- To do -
Produce an exact transcription of the data, with the images left out.

- Material provided -
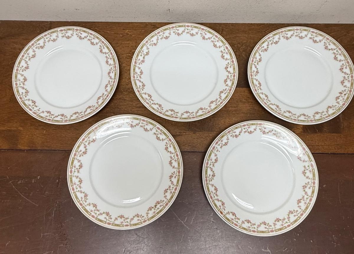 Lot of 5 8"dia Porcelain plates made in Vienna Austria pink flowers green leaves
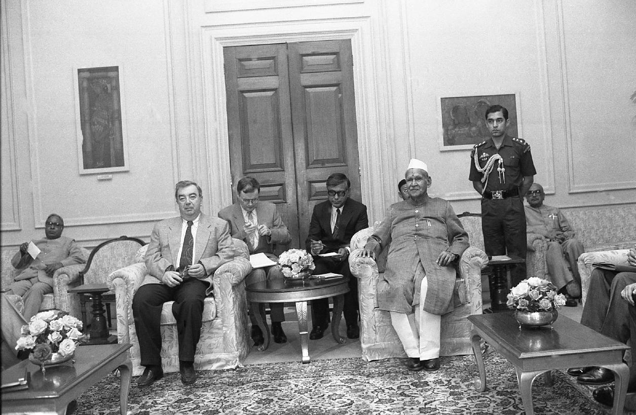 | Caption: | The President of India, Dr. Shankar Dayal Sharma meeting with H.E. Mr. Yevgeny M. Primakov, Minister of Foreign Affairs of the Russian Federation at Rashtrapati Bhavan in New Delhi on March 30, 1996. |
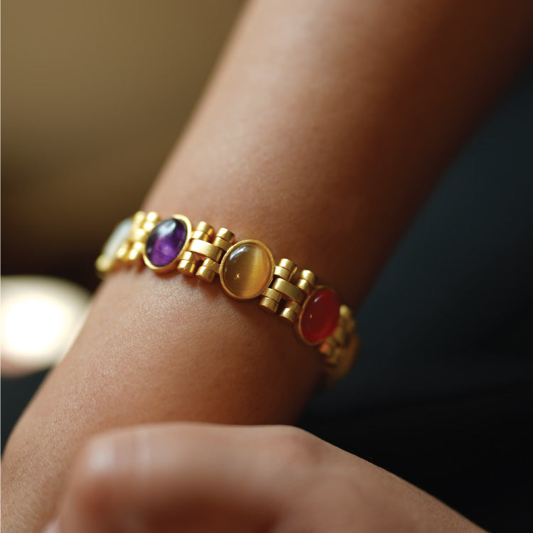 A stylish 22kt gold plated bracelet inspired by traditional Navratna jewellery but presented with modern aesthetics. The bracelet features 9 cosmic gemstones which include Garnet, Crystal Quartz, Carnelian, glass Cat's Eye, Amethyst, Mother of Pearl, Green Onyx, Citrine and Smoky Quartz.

- The answer -
 Lot of 5 8"dia Porcelain plates made in Vienna Austria pink flowers green leaves
 | Caption: | The President of India, Dr. Shankar Dayal Sharma meeting with H.E. Mr. Yevgeny M. Primakov, Minister of Foreign Affairs of the Russian Federation at Rashtrapati Bhavan in New Delhi on March 30, 1996. |
 A stylish 22kt gold plated bracelet inspired by traditional Navratna jewellery but presented with modern aesthetics. The bracelet features 9 cosmic gemstones which include Garnet, Crystal Quartz, Carnelian, glass Cat's Eye, Amethyst, Mother of Pearl, Green Onyx, Citrine and Smoky Quartz.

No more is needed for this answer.